Low. Joining a Zoom meeting requires almost zero technical skill — click the link, allow camera and mic access, done. Hosting meetings takes a few minutes to learn (scheduling, screen sharing, breakout rooms). Advanced features like webinar management, phone system configuration, and admin controls require more time, but the core meeting experience is the most approachable of any video platform.

Loom

Very low. Recording your first Loom takes 30 seconds to set up. The interface is intentionally minimal — there's almost nothing to learn. Advanced features (workflows, custom branding, CTA buttons) take a few minutes to configure. The real learning curve is cultural: getting comfortable recording yourself and establishing norms for when to send a video vs. text.

FAQ

Is Zoom's free plan still useful in 2025?
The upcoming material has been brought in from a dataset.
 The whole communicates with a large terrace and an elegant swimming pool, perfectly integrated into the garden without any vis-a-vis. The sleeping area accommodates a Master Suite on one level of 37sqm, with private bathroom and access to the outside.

For 1:1 meetings, yes — there's no time limit. For group meetings, the 40-minute cap is a real constraint for business use. Most teams find themselves upgrading to Pro ($13.33/month) within the first week. The free plan works well for freelancers doing client calls (most are 1:1) and for personal use. But if you're running any kind of regular team meetings, budget for at least Pro.
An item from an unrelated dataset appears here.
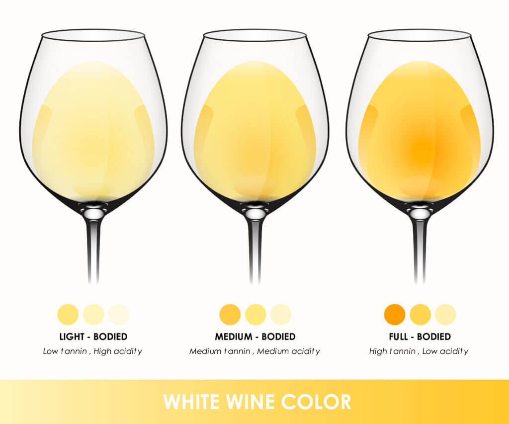 - ソーヴィニヨン・ブランなど果皮が緑色のものは緑がかったワインに、シャルドネなど黄色の果皮のものは黄みがかったワインになる

How does Zoom compare to Google Meet?

Zoom has better video quality, more features (breakout rooms, AI summaries, polling), and a more polished experience for large meetings. Google Meet's advantage is its integration with Google Workspace — if your team lives in Gmail and Google Calendar, Meet is the path of least resistance. Meet is also included free with Google Workspace, while Zoom requires a separate subscription. For organizations choosing between ecosystems, this often comes down to Microsoft 365 + Teams vs. Google Workspace + Meet vs. separate best-of-breed tools with Zoom.

Is Loom free to use?

Loom has a free plan with 25 videos (up to 5 minutes each), Loom branding, and basic features. This is enough to try the tool, but most active users hit the limits within 2-3 weeks. The Business plan at $12.50/creator/month removes all limits. Viewers always access Loom for free — only people who record need paid seats.

How is Loom different from just recording a Zoom call?

Loom is purpose-built for async communication, not live meetings. The recording starts in one click (no meeting link, no waiting room, no calendar invite). The output is a lightweight shareable link, not a large video file. Viewers get transcripts, chapters, speed controls, and timestamped comments. Analytics show engagement. Zoom recording is an afterthought to a meeting tool; Loom makes recording the primary action.

Which is cheaper, Zoom or Loom?

Zoom starts at Free / $13.33/mo, while Loom starts at Free / $12.50/mo Business. Consider which pricing model aligns better with your team size and usage patterns — per-seat pricing adds up differently than flat-rate plans.